Restate, exactly as written, the entries below from the line that holds "Dieses Kaninchen Polyklonal-Antikörper" through the line that holds "The back cover". Pictures are not part of the copy.

▸ **Listed entries**:
━━━━━━━━━━━━━━━━
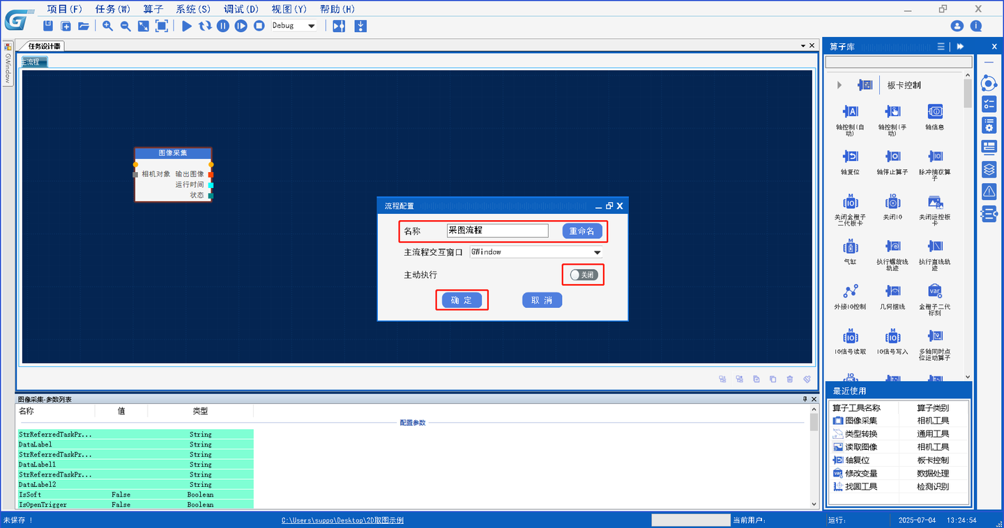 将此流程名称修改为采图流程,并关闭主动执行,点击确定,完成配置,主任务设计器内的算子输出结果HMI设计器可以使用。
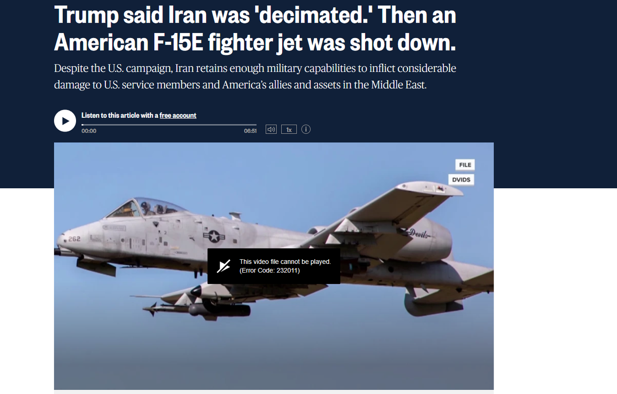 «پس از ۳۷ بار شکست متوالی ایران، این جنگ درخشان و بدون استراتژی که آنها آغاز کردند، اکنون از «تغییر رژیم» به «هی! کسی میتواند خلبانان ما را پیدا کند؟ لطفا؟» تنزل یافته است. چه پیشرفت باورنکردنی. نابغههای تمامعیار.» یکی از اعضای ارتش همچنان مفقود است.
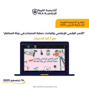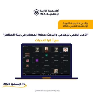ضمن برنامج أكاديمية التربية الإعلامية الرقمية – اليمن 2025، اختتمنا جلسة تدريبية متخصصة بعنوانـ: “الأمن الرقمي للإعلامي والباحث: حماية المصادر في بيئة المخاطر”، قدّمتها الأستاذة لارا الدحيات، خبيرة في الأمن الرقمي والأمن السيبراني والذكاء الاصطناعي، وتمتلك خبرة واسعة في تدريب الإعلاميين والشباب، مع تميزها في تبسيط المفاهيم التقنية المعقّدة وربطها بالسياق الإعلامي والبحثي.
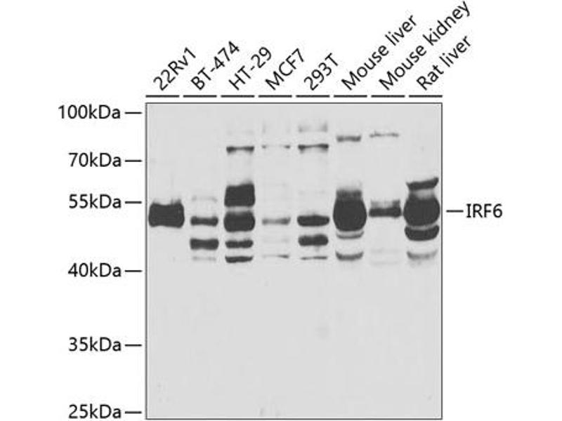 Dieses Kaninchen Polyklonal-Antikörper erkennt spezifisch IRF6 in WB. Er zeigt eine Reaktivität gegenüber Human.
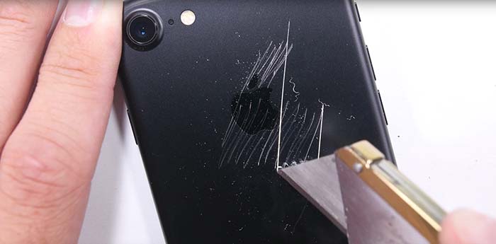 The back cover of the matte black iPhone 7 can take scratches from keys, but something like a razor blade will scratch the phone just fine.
━━━━━━━━━━━━━━━━
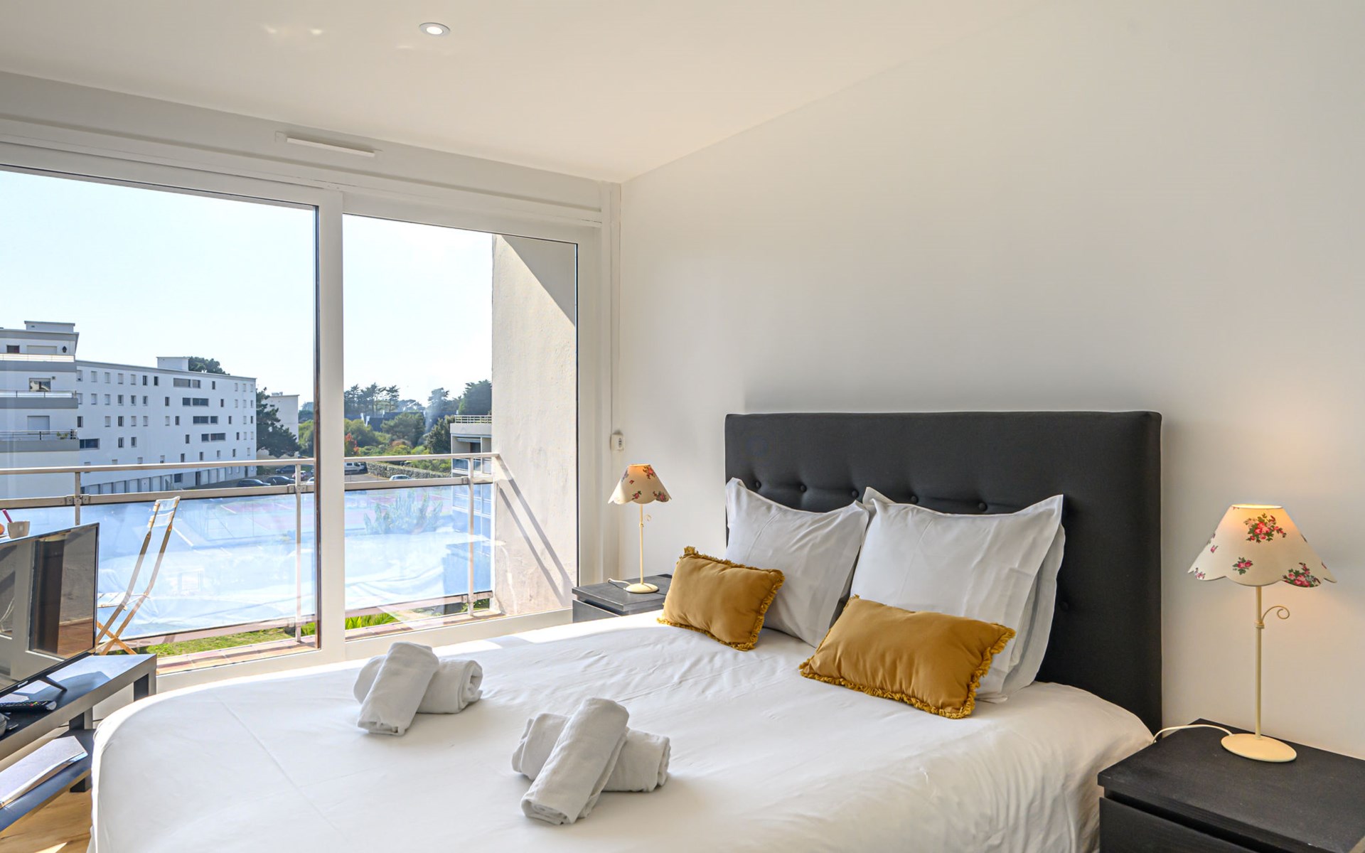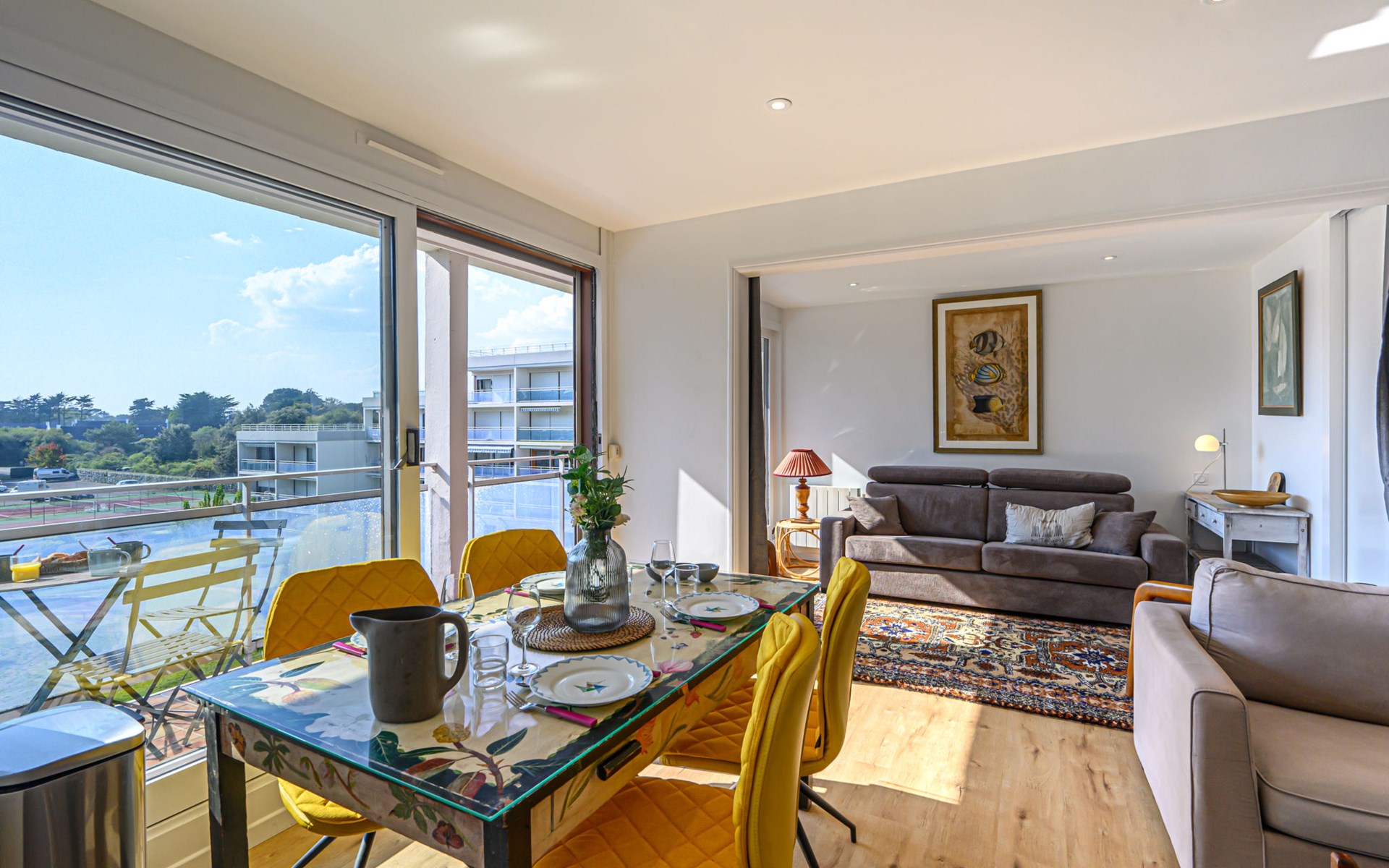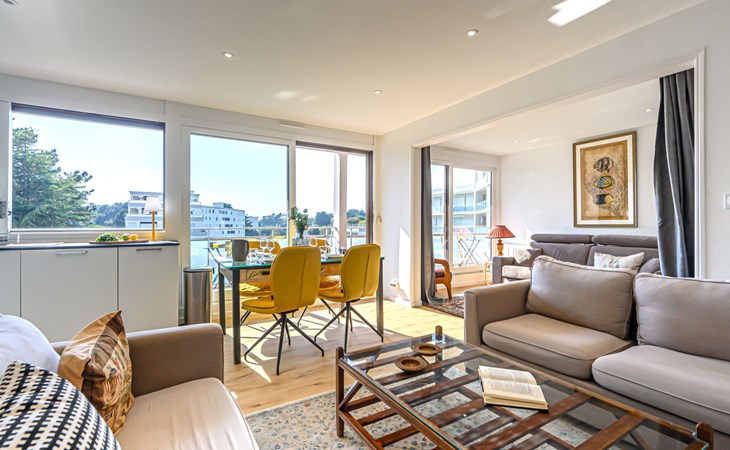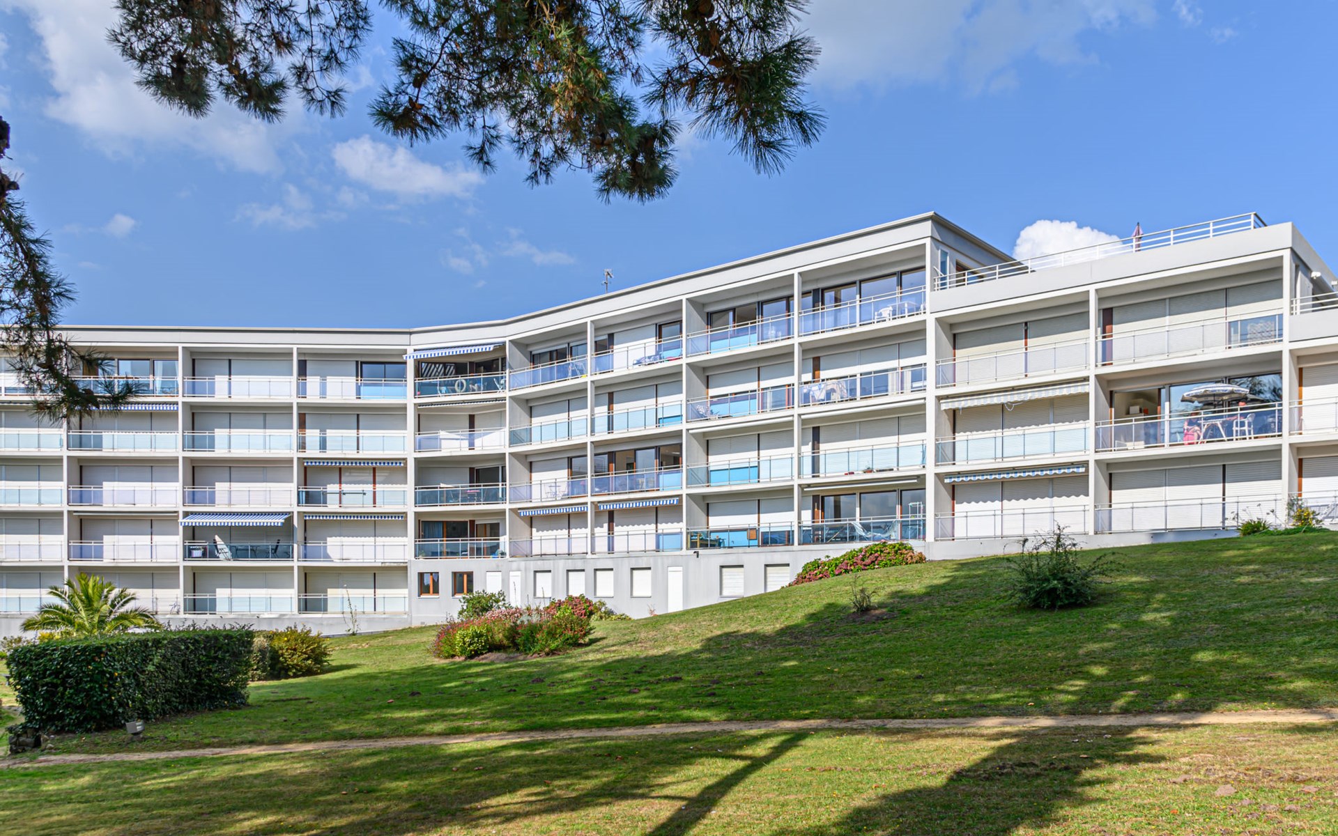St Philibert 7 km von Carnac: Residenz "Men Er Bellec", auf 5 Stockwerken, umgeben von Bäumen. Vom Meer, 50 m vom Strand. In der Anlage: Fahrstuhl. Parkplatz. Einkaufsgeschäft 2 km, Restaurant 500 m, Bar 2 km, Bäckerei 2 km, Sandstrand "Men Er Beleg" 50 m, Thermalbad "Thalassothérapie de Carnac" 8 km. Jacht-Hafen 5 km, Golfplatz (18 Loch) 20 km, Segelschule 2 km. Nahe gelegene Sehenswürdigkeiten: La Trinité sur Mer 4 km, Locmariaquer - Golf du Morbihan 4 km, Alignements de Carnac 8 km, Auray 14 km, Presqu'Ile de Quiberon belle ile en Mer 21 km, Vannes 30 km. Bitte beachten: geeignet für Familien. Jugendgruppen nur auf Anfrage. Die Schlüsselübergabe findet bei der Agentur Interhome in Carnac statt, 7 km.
━━━━━━━━━━━━━━━━
▸ **Response to the task**:
 Dieses Kaninchen Polyklonal-Antikörper erkennt spezifisch IRF6 in WB. Er zeigt eine Reaktivität gegenüber Human.
 The back cover of the matte black iPhone 7 can take scratches from keys, but something like a razor blade will scratch the phone just fine.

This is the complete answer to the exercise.